**** DATA SUPPLIED ****

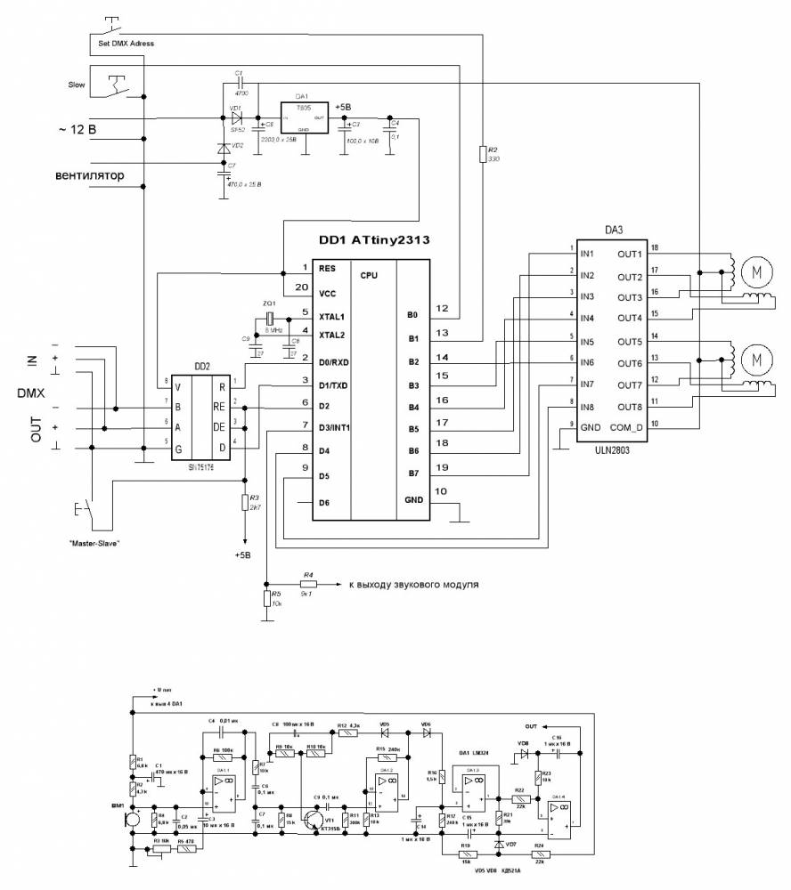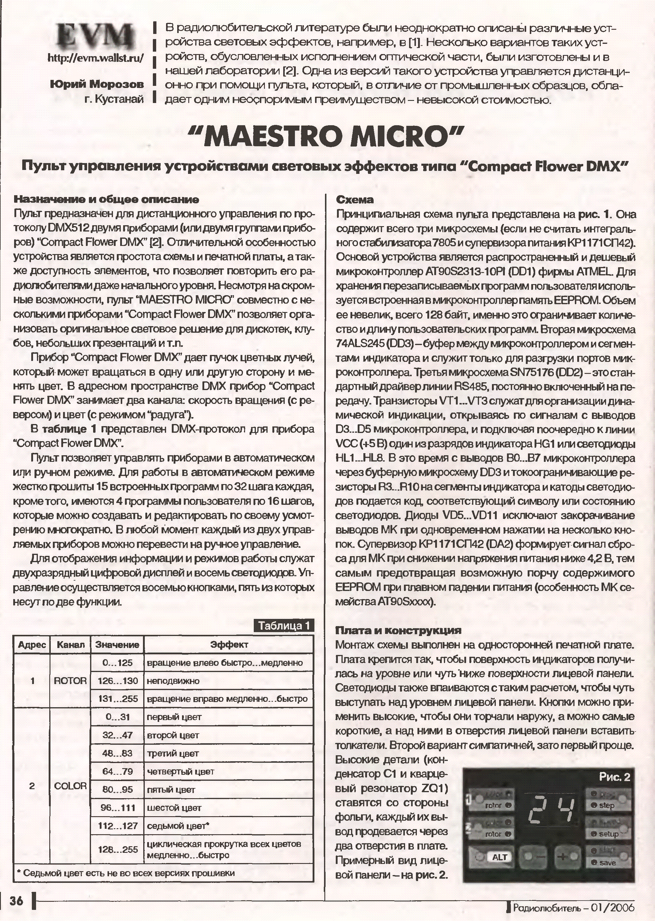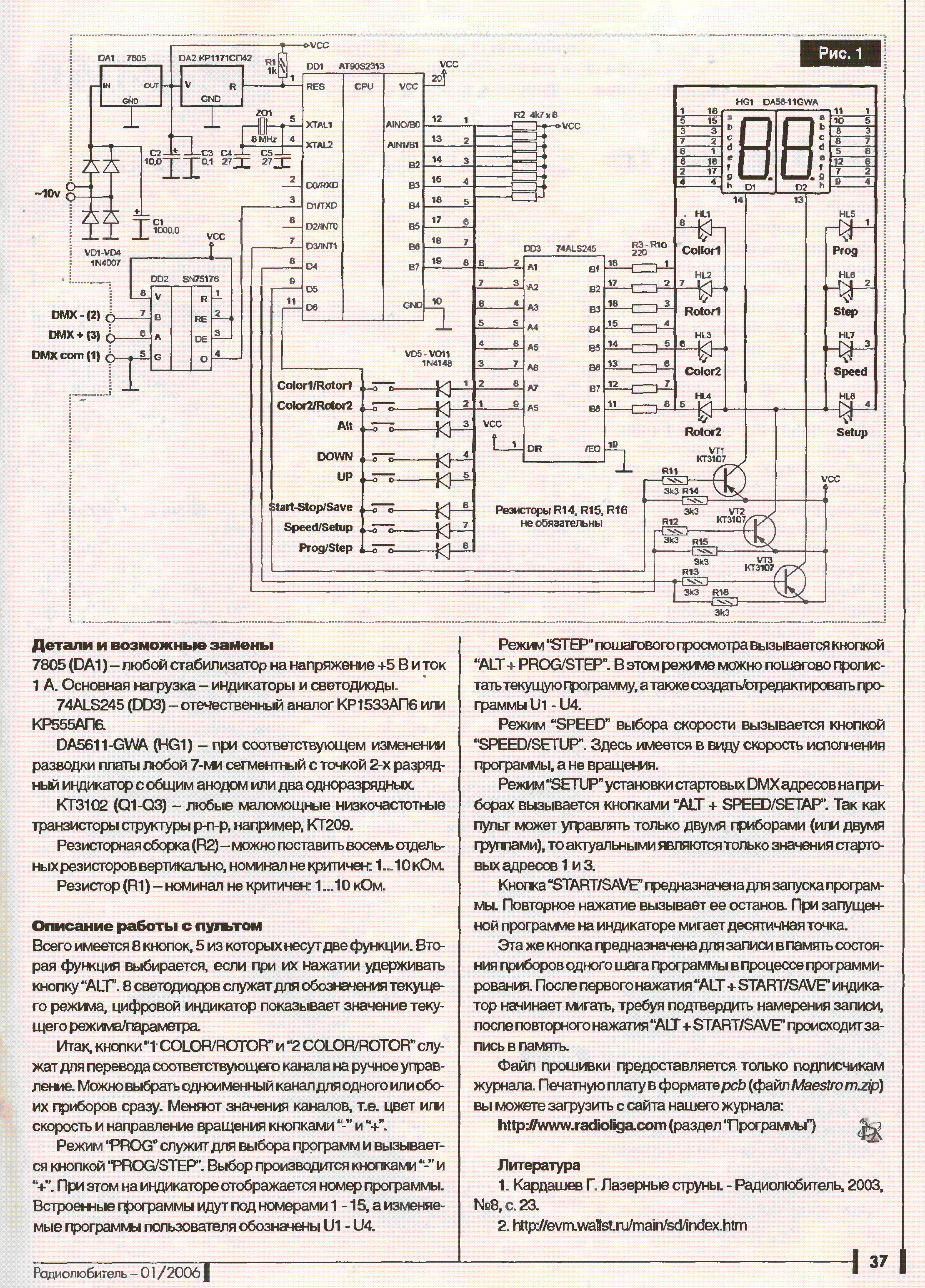 Ну и помучился я с этим пультом. Оказывается в журнале выложена прошивка под другие назначения выводов контроллера. Я общался с автором, он выложил (по-моему в более позднем номере журнала) исправленную схему. Но я к этому времени уже спаял плату и мучил ее с месяц. Так автор кинул другую прошивку под схему, которая была выложена в журнале с самого начала. После этого у меня все заработало. Неплохой пультик. Только им можно управлять только этими приборами и только двумя (или двумя параллельными группами).Добавлено (29.02.2012, 22:15) --------------------------------------------- Вручную управлять хорошо, если ведешь какую-то презентацию, концерт. Я-то делаю для себя, для дома. Поплясать с гостями, на работе праздник отметить. Поэтому сканеры гоняю через программу Фристайл от ноутбука. Вот только скачать бы где-то руководство (инструкцию) как всем этим пользоваться. А то осваиваю методом тыка.
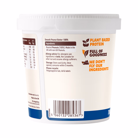 Roasted PEANUTS (100%). Made in the UK with non-UK Peanuts.
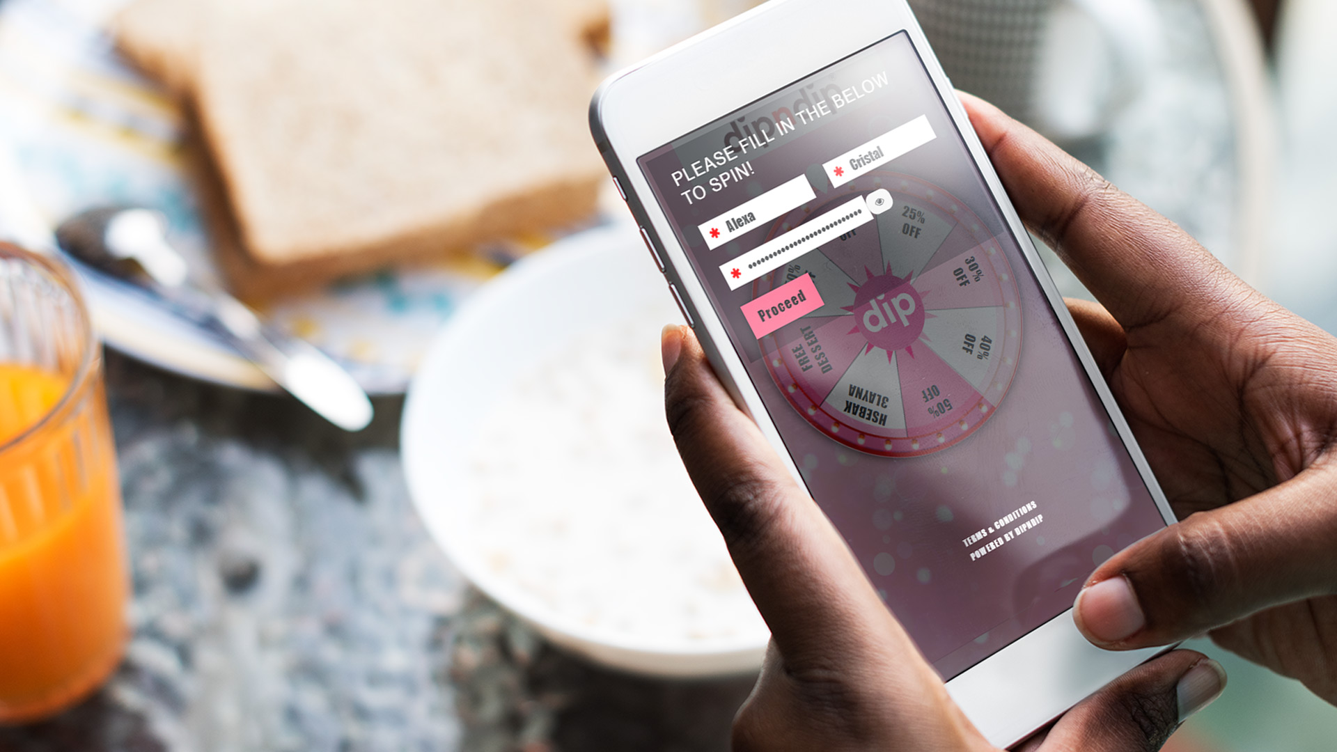 Zo was DipnDip in staat om een e-mail database op te bouwen van bezoekers die zich in hun restaurant bevonden. Wanneer de bezoekers hun persoonlijke gegevens hebben ingevuld, kunnen ze achter het spin wheel spelen Ook zijn klanten eerder geneigd om hun persoonlijke gegevens te geven als ze de mogelijkheid hebben om een prijs te winnen.
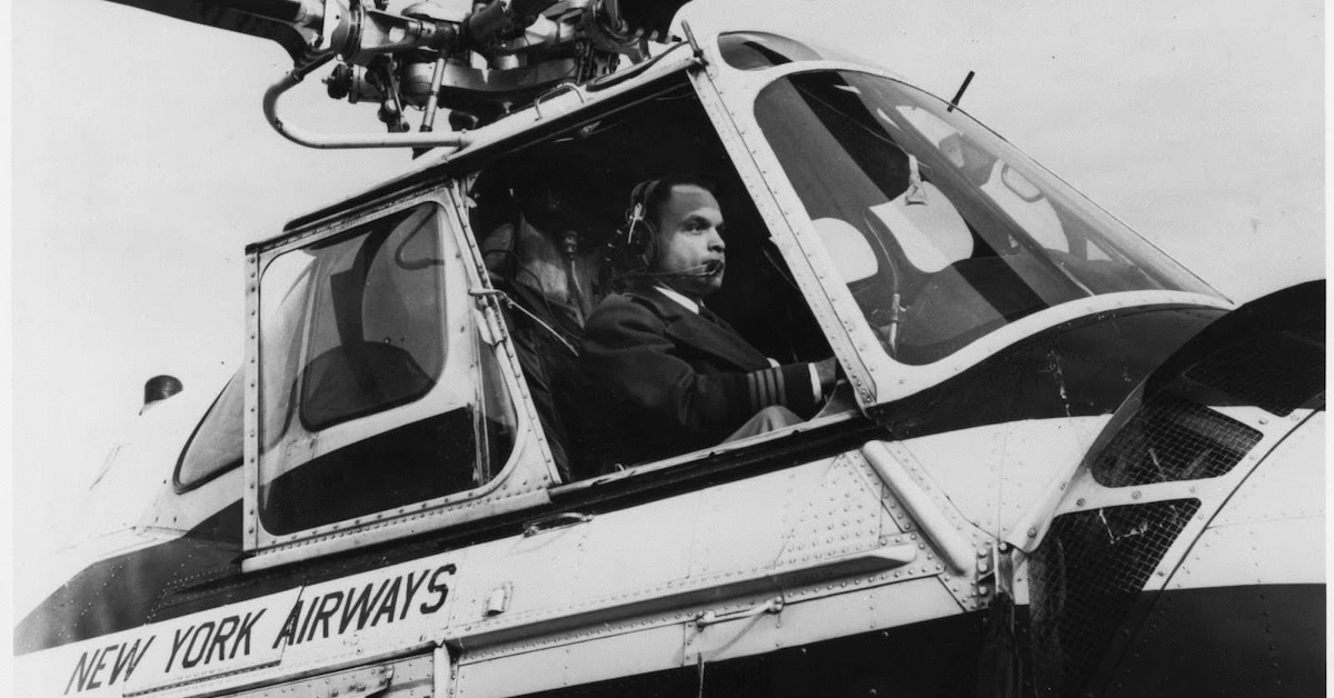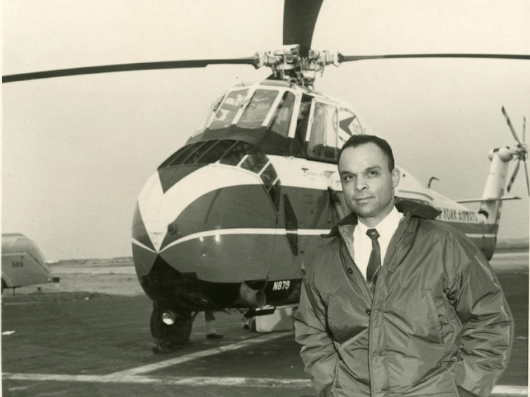 With Perry Young as the co-pilot, the 12-passenger helicopter rose three feet from the ground, hovered gently for a moment, then, pointing its snub-nose down, soared straight up from LaGuardia Airport. In nine easy “bumpless” minutes we were at Idlewild… Perry Young is unique because he is the first Negro pilot hired by any scheduled airline in America.
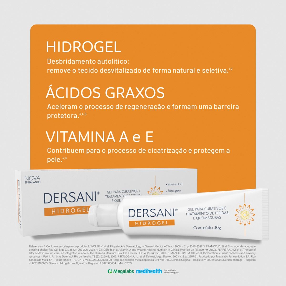 O Dersani Hidrogel 30G promove hidratação e cicatrização de feridas secas, queimaduras e úlceras, proporcionando um ambiente úmido ideal. -
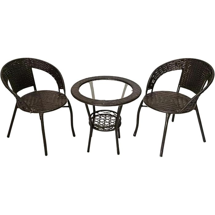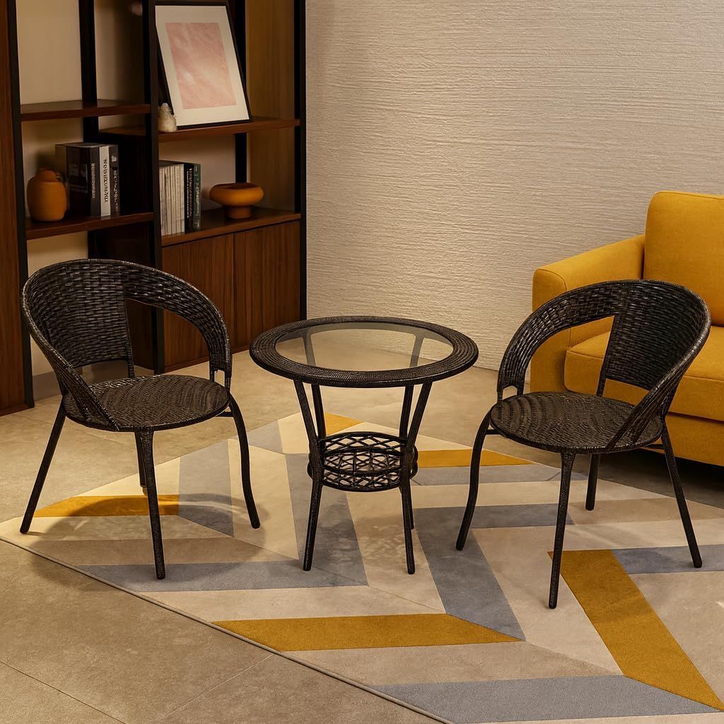Rattan Chair Set | Patio Seating Set with 1 Table & 2 Chairs | Durable Artificial Rattan Set for Outdoor & Indoor Use, Comfortable | Armchair for Garden & Pool-Side Furniture (Black)
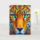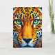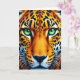This design shows a large spotted feline shown straight on, filling the frame in near-symmetrical balance, with a steady gaze that feels like a quiet, intimate moment between you and the animal. Its eyes shine in bright emerald green, catching tiny highlights that make them look alive and almost conversational. The fur is layered in warm oranges and golden yellows, contrasted by scattered black rosettes that curve with the face and suggest a soft, dense coat. Along the muzzle, lighter cream fur and fine shading shape the cheeks and brow, while a deep blue-toned nose sits at the centre like a calm anchor. Thin white whiskers fan outward in crisp arcs, adding a gentle, affectionate softness to the otherwise powerful expression. A short line of text sits near the top in small white letters, with a second line placed near the bottom in matching white, leaving the face unobstructed. The background stays dark and muted so the colours feel richer, like a late-night scene on the road 🚗, and the emerald eyes remain the brightest point 👨. The rosettes are velvety black, spaced across the forehead and cheeks, and the nose reads as indigo against the warm fur.

****

YOUR TASK - All of the entries above are to be restated word for word, minus the images.

WRITTEN RESPONSE -
 Ну и помучился я с этим пультом. Оказывается в журнале выложена прошивка под другие назначения выводов контроллера. Я общался с автором, он выложил (по-моему в более позднем номере журнала) исправленную схему. Но я к этому времени уже спаял плату и мучил ее с месяц. Так автор кинул другую прошивку под схему, которая была выложена в журнале с самого начала. После этого у меня все заработало. Неплохой пультик. Только им можно управлять только этими приборами и только двумя (или двумя параллельными группами).Добавлено (29.02.2012, 22:15) --------------------------------------------- Вручную управлять хорошо, если ведешь какую-то презентацию, концерт. Я-то делаю для себя, для дома. Поплясать с гостями, на работе праздник отметить. Поэтому сканеры гоняю через программу Фристайл от ноутбука. Вот только скачать бы где-то руководство (инструкцию) как всем этим пользоваться. А то осваиваю методом тыка.
 Roasted PEANUTS (100%). Made in the UK with non-UK Peanuts.
 Zo was DipnDip in staat om een e-mail database op te bouwen van bezoekers die zich in hun restaurant bevonden. Wanneer de bezoekers hun persoonlijke gegevens hebben ingevuld, kunnen ze achter het spin wheel spelen Ook zijn klanten eerder geneigd om hun persoonlijke gegevens te geven als ze de mogelijkheid hebben om een prijs te winnen.
 With Perry Young as the co-pilot, the 12-passenger helicopter rose three feet from the ground, hovered gently for a moment, then, pointing its snub-nose down, soared straight up from LaGuardia Airport. In nine easy “bumpless” minutes we were at Idlewild… Perry Young is unique because he is the first Negro pilot hired by any scheduled airline in America.
 O Dersani Hidrogel 30G promove hidratação e cicatrização de feridas secas, queimaduras e úlceras, proporcionando um ambiente úmido ideal. -
Rattan Chair Set | Patio Seating Set with 1 Table & 2 Chairs | Durable Artificial Rattan Set for Outdoor & Indoor Use, Comfortable | Armchair for Garden & Pool-Side Furniture (Black)
This design shows a large spotted feline shown straight on, filling the frame in near-symmetrical balance, with a steady gaze that feels like a quiet, intimate moment between you and the animal. Its eyes shine in bright emerald green, catching tiny highlights that make them look alive and almost conversational. The fur is layered in warm oranges and golden yellows, contrasted by scattered black rosettes that curve with the face and suggest a soft, dense coat. Along the muzzle, lighter cream fur and fine shading shape the cheeks and brow, while a deep blue-toned nose sits at the centre like a calm anchor. Thin white whiskers fan outward in crisp arcs, adding a gentle, affectionate softness to the otherwise powerful expression. A short line of text sits near the top in small white letters, with a second line placed near the bottom in matching white, leaving the face unobstructed. The background stays dark and muted so the colours feel richer, like a late-night scene on the road 🚗, and the emerald eyes remain the brightest point 👨. The rosettes are velvety black, spaced across the forehead and cheeks, and the nose reads as indigo against the warm fur.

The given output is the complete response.